I literally met God in a garden, playing in the yard of our suburban Toronto home as a child. Jesus soon became a close friend. Often, my father took me to a nearby park where we looked up into the trees and sky. "Look," he told me, "God is in the church, and God is also much bigger than the church."

In my adolescence, my mother gave me a fictional book titled, Sally Baxter: Girl Reporter on Location. Captured, I decided to become a journalist.

In journalism school in Ottawa, I struggled to integrate faith and learning. Broke and unemployed after graduation, I felt all washed up at age 23.

Imagine arriving in Edmonton in January! As a reporter for the weekly Western Catholic Reporter, I was drawn to committed Christians from many walks of life.
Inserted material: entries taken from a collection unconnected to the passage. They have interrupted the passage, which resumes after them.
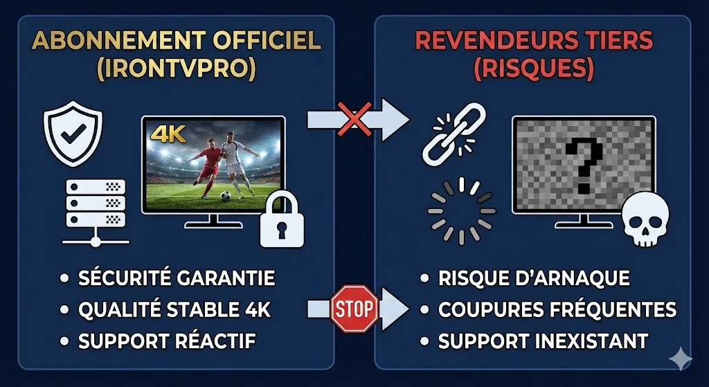 Il est tentant de chercher le Iron TV Max prix le plus bas possible sur le web, mais attention aux arnaques. De nombreux revendeurs non officiels proposent des tarifs dérisoires mais offrent un service médiocre : coupures fréquentes lors des grands matchs, support inexistant, ou coupure de l’abonnement après quelques semaines.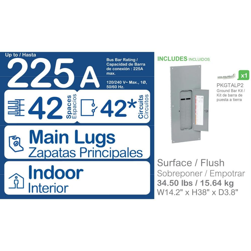 Square D QO 225 Amp 42-Space 42-Circuit Indoor Main Lug Plug-On Neutral Load Center with Cover, Ground Bar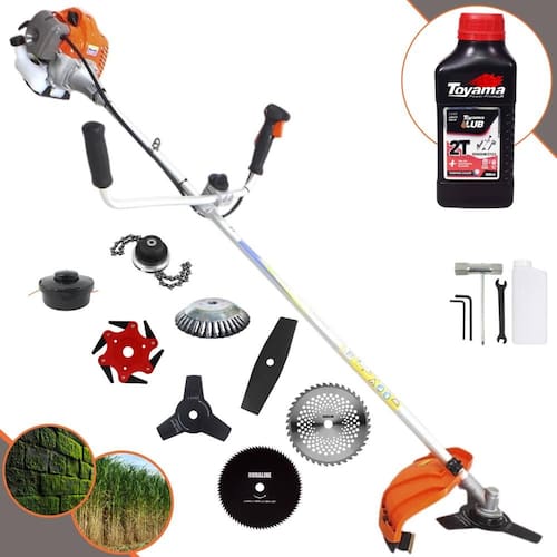 Roçadeira Lateral Vulcan VR430P À Gasolina 2 Tempos 43cc 1,7HP + Faca 2 Pontas 330mm + Faca 40 Dentes 255mm + Faca 80 Dentes 255mm + Faca 6 Pontas 250mm + Trimmer + Escova Rotativa 200mm 38 Cerdas + Óleo Toyama FG50 500ml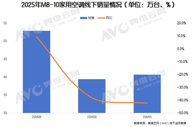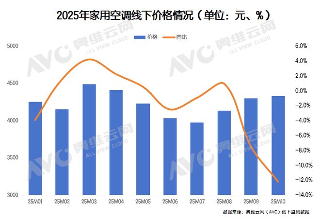 空调市场价格的反复波动严重影响了渠道信心,多数经销商陷入价格观望状态。据奥维云网(AVC)监测数据,2025年三季度空调线下均价同比下降3.9%,10月线下均价降幅达12.2%。这种价格反复不仅让消费者难以判断合理入手时机,也让经销商面临巨大的库存贬值风险,经销商不敢盲目进货,担心后期价格回调导致亏损,价格体系的不稳定导致渠道拿货意愿降至年内低位。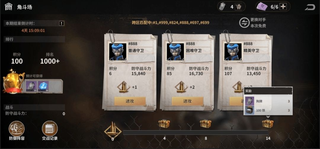 每日最多可领取3个进度宝箱奖励,奖励包含狗牌及资源,狗牌可在角斗场商店中兑换物品。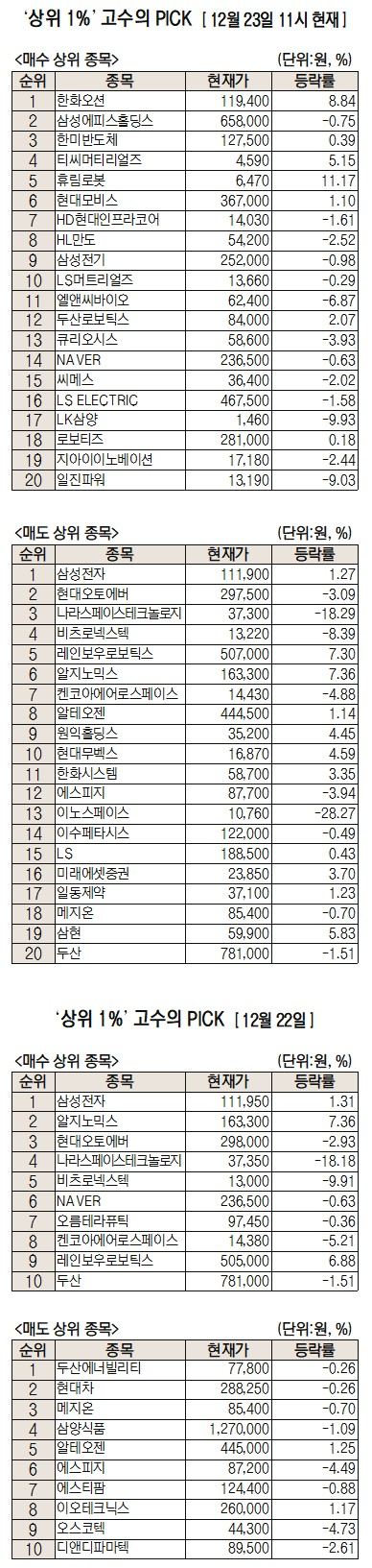 이날 미래에셋증권에 따르면 미래에셋증권 주식 거래 고객 중 최근 1개월간 투자 수익률 상위 1%에 해당하는 '주식 초고수'들이 오전 11시까지 가장 많이 사들인 종목은 한화오션이다.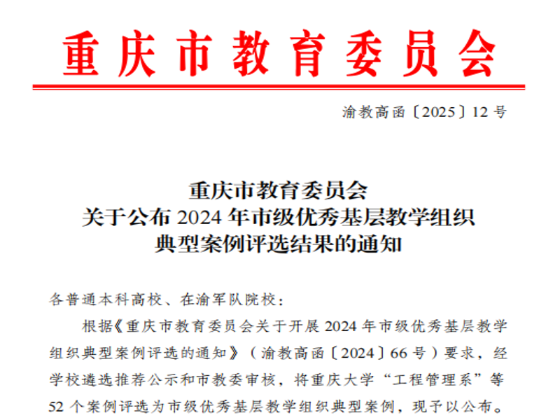 近日,重庆市教育委员会发布《关于公布2024年市级优秀基层教学组织典型案例评选结果的通知》,学院高分子材料系获批市级优秀基层教学组织典型案例。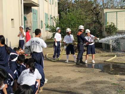 地域の方々や消防署の方にご協力いただき、可搬式ポンプでの放水体験や、土嚢づくりなど、体験を中心とした活動を行っていただきました。

I joined a parish choir and young adults' group, while helping with adult Christian initiation and volunteering with Development and Peace.

Lay women helped me pray with Scripture and encouraged me to explore religious life. There were problems in my family, some related to religious differences. Opposition was strong.

But so was God's call. In 1984, I joined the Sisters of Charity of the Immaculate Conception in Edmonton. I was attracted to the SCIC spirit of simplicity, prayer and commitment to and with the poor in Canada and Peru.

I also cherished the community's ongoing commitment to renewal and open co-operation with (other) lay church leaders. Opportunities for spiritual growth, personal development, community living and ministry experience were sources of both struggle and freedom.

As a graduate theology student in Milwaukee, Wis., I often gathered with undergraduates and campus ministers. Later in Saskatoon, I was asked to join the campus ministry team at St Thomas More College, where I continue to serve. I learn a lot from the students!

I write for Catholic publications and participate in work for peace and justice. I am also part of a circle of sisters and associates fostering vocation awareness with a view to both religious life, and other forms of Christian commitment.

Aware that church and religious life are in flux, and also that the future belongs to God, I experience more excitement than fear. Born just before the second Vatican Council, I feel like a bridge between what was, and what will be. Happily, God's Spirit cannot be chained or contained.

I love Catholicism deeply. Through word and sacrament, and the gathered community, I know who I am. I draw life especially from the Catholic social justice tradition, the prophets, Christian mystics and relationship between spirituality and the "new science." United with other Christians and people of diverse traditions, I find God revealed especially in the poor and the broken-hearted.

But in the church, ways in which women and married people are blocked from official decision-making and sacramental leadership cut disturbingly to the core of my conscience. Reluctantly, I sometimes find myself in trouble for cherishing a different version of church!

My fidelity is to God's reign in the world, which intersects with, and also transcends, the church. Dispite periods of doubt and fear, I'm grateful for all I have received. And I remain powerfully attracted to the person of Jesus Christ, who spoke to me in the garden and lit a fire in my heart.